I pretty much make these up as I read this topic so maybe I'll post here for the rest of my life when I have an idea...even if it's horrible.
Put some type of uber loud buzzing thing in your toilet tank (on the lid or waterproof it) and then set it up so the when the toilet is flushed, the noise turns on and scares the hell out of whoever just used the toilet.
Use the above idea with the doorbell or the bathroom light.
If you happen to have the type of car lift that auto mechanics use (the ones that lift cars up above your head), find a way to put your neighbors car on it at night.
Take a gutted light bulb (I don't know where my friend got them) and put it in place of a normal one.

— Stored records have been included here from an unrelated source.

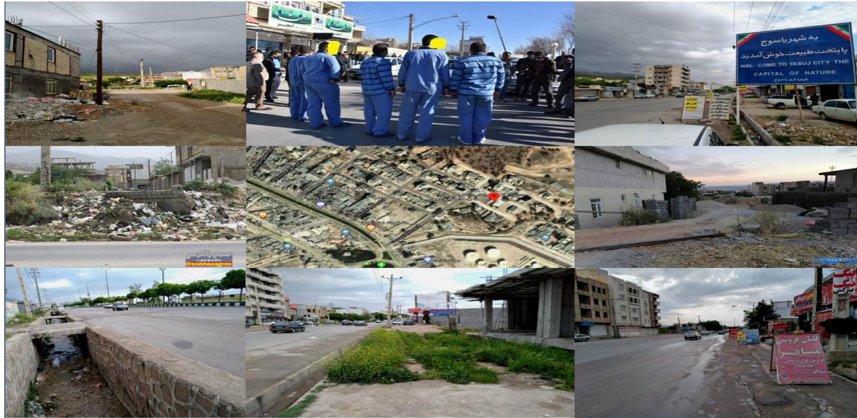
شکل ۲: نمایی از وضعیت بافت کالبدی و اجتماعی محله بنسجان
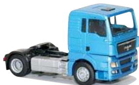
8019.01 MAN TGX XL -Zugmaschine EUR 11,50*
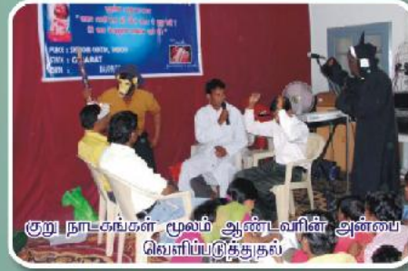
குறு நாட்கங்கள் மூலம் ஆண்டவரின் அன்பை வெளியிட்டுத்தூதல்
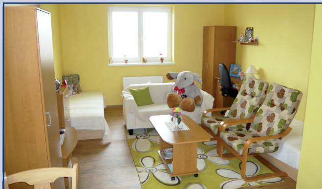
Klienti se v Šanově již zabydleli
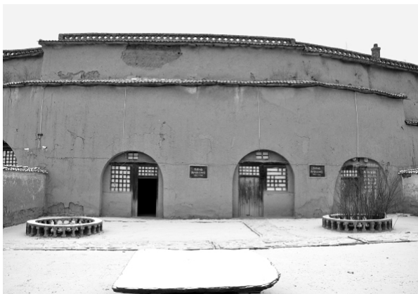
太岳军区领导同志曾经住过的窑洞

师派出陈赓旅长率三八六旅进入沁源,靠近决死一纵队配合反顽作战。这样,太岳区的党政机关在1939年秋天就从沁县全部转移到沁源。
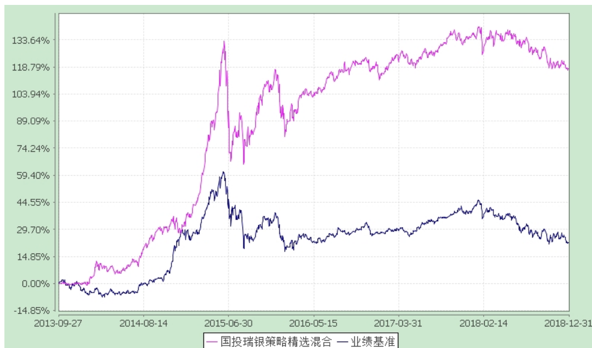
国投瑞银策略精选灵活配置混合型证券投资基金 份额累计净值增长率与业绩比较基准收益率的历史走势对比图 (2013 年 9 月 27 日至 2018 年 12 月 31 日)
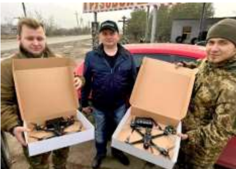
Drönarna levereras nära stridsfältet och överlämnas här till 21.mekaniserade brigaden.

Drönare finns av olika storlek och komplexitet. Allt från stora flygplansliknande och mycket avancerade drönare med ett vingspann på upp till 15 meter, som kostar tiotals miljoner kronor, ner till rena leksaker för några hundra kronor. Det vi pratar om här är en Race Drone-FPV, som kostar cirka 5 000 kronor. Drönaren är mycket snabb och svår att skjuta ner. Den kan bära en nyttolast i form av en sprängladdning på 0,5–1 kg, tillräckligt för att sätta ett pansarfordon ur stridbart skick genom att sikta på luftintaget till motorutrymmet. Dessa drönare kan verka på ett avstånd mellan 5–10 km.
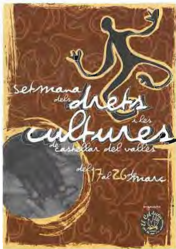
El cartell de la setmana, que tindrà lloc entre el 17 i el 26 de març.

Cal destacar, també, la col·laboració activa de l'Ajuntament, que es traduirà en l'organització d'alguns actes per part de diverses regidories i en el
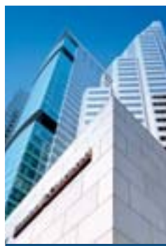
渣打銀行大廈 Standard Chartered Bank Building
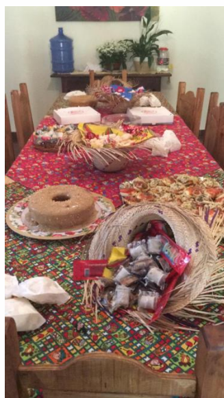
Confraternização dos aniversariantes de junho, festa junina e despedida de voluntários.
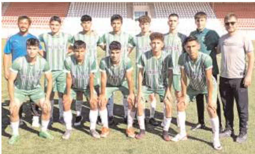
Mimar Sinan U 17 takımı Bolu grup merkezinde yarı final için mücadele edecek

10 Haziran pazarı günü yapılacak teknik toplantıda altı takım üçerli iki gruba ayrılacak ve tek devreli maçlar sonunda gruplarında ilk sırayı alan takımlar 14 Haziran'da yarı final grubuna yükselmek için finalde karşılaşacaklar.
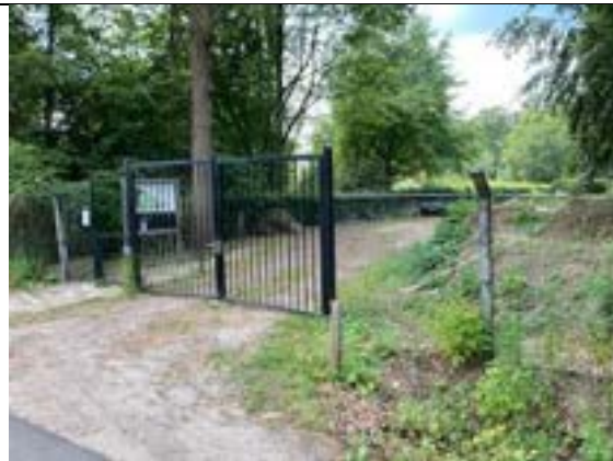
Schone ingang, nieuwe voetgangeringang
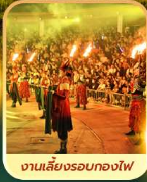
งานเลี้ยงรอบกองไฟ
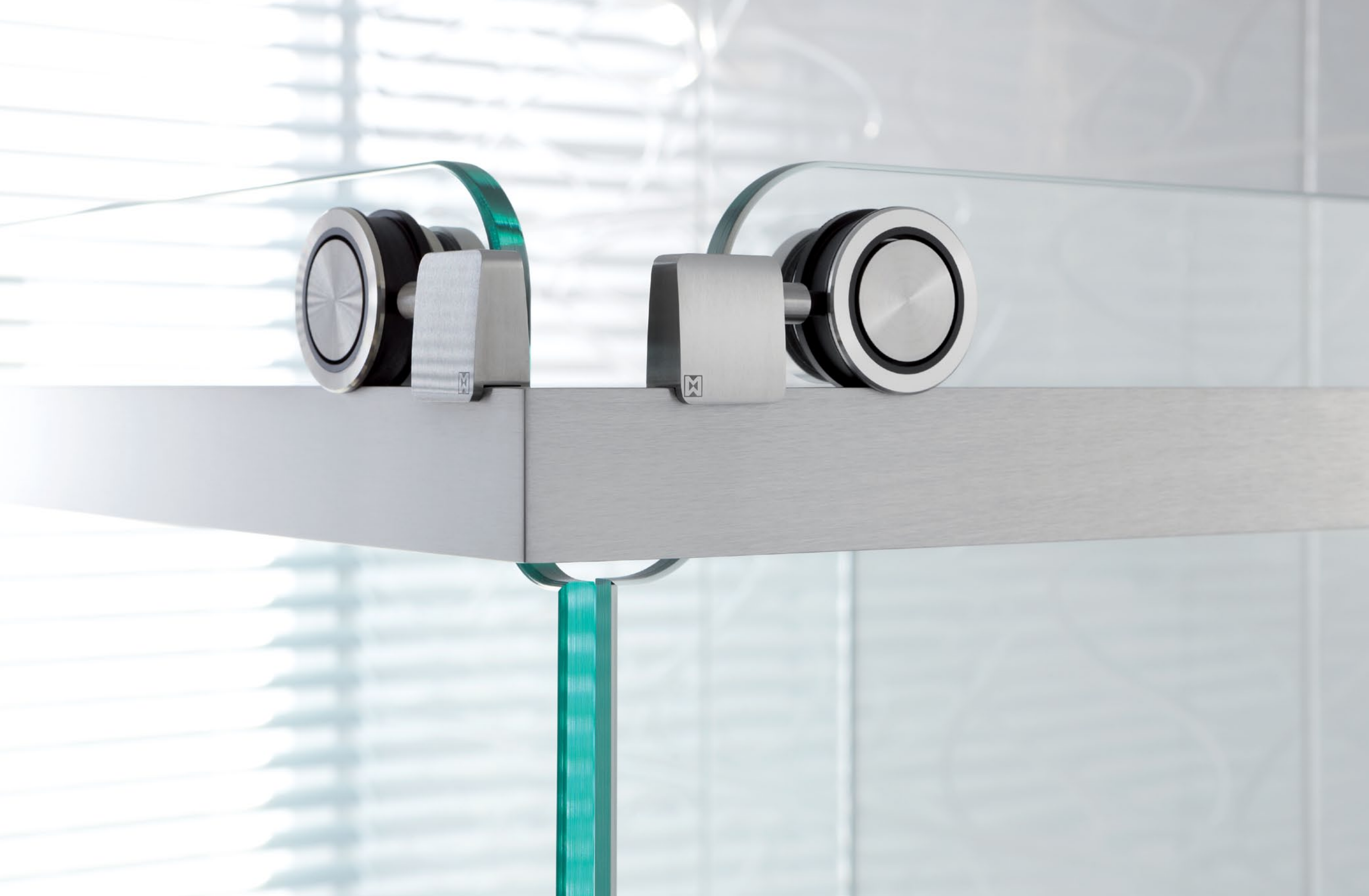
Duschsystem Claro U-Variante mit EckEinstieg
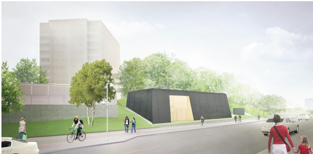
Föreslagen utformning av regionnätstationen (illustration & RUNDQUIST)

Den i planområdet intilliggande kulvertentrén kommer i samband med genomförandet av projektet att få en ny gestaltning som kommer att vara i likhet med gestaltningen av regionnätstationen. Kulvertentrén är med i planområdet pga att den delvis ligger inom nu gällande detaljplan (P0414/1970) vilket anger planbestämmelse Transformatorstation och delvis inom detaljplan (0404/1955) med användningen PARK. Genom att nu planlägga den del som har användningen Transformatorstation som PARK kommer hela kulvertentrén ligga inom samma fastighet (Järva 2:15) och med samma användning (PARK).
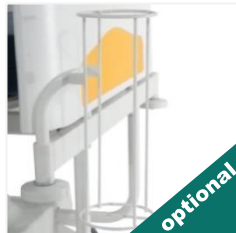
Suport cilindru oxigen
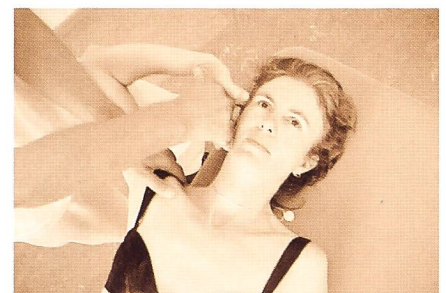
Fig. 7: Mise sous tension du nerfs cubital
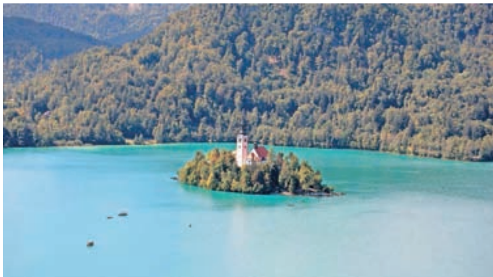
Katja Kos je v verzih zapisala pravljico o nastanku Bleda.

»Pod visoko grajsko skalo je živel prijazen zmaj, redno hodil je k frizerju, lase si česal je nazaj. Ob megli je ogenj kuril, da ljudje so našli pot, sploh se nikdar ni razburil, zmaj je bil res fin gospod,« se začne zgodba o blejskem zmaju, o katerem se je nato vest razširila
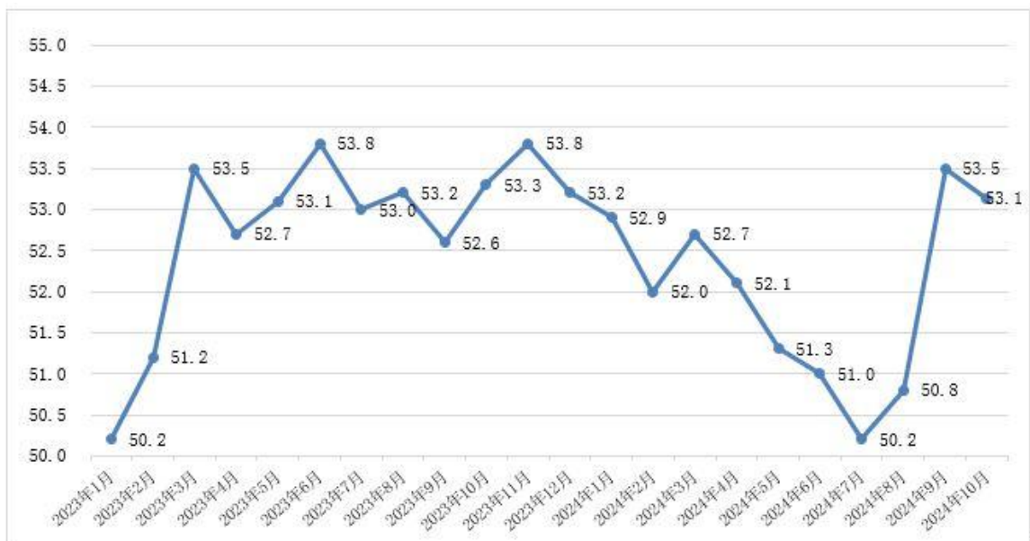
图1 2023年1月-2024年10月分月福州市物流业景气指数（LPI）走势图

10月，福州市物流业景气指数（LPI）为53.1%（见图1），虽较上月小幅回落0.4个百分点，但物流市场整体运行仍保持平稳。12个单项指数“十降一升一持平”，其中从业人员指数小幅回升0.4个百分点，固定资产投资完成额指数与上月持平。其他各项指数回落幅度在0.3至2.9个百分点之间，其中主营业务利润指数回落2.9个百分点（见表）。
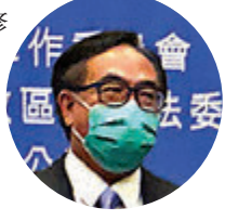
他認為，現時涉及區議會的6個立法會議席，及區議會在選委會內的117個席位都應全部取消，因為不少現屆區議員曾煽動他人參與黑暴及聯署反對香港國安法，已經超出區議會作為地區諮詢架構的職能，因此他們不應具備選出行政長官的資格。

他說，在全國人大常委會完全修訂香港基本法附件一和附件二後，香港接下來須開展本地立法工作，經民聯會就完善香港特區選舉制度繼續吸納專業人士的意見。

Call somebody (private-ize the number with *67 or whatever) and tell them this is the "Microsoft Companys Video Game Department calling to let you know your subscription to X-Box live is being cancelled." A few hours before, cut the line used for connecting to X-Box live.
I pretty much make these up as I read this topic so maybe I'll post here for the rest of my life when I have an idea...even if it's horrible.
www.thehurl.org <---Join it!
Those who live by the spudgun, die on the way to the plumbing store <---I don't know.
Those who live by the spudgun, die on the way to the plumbing store <---I don't know.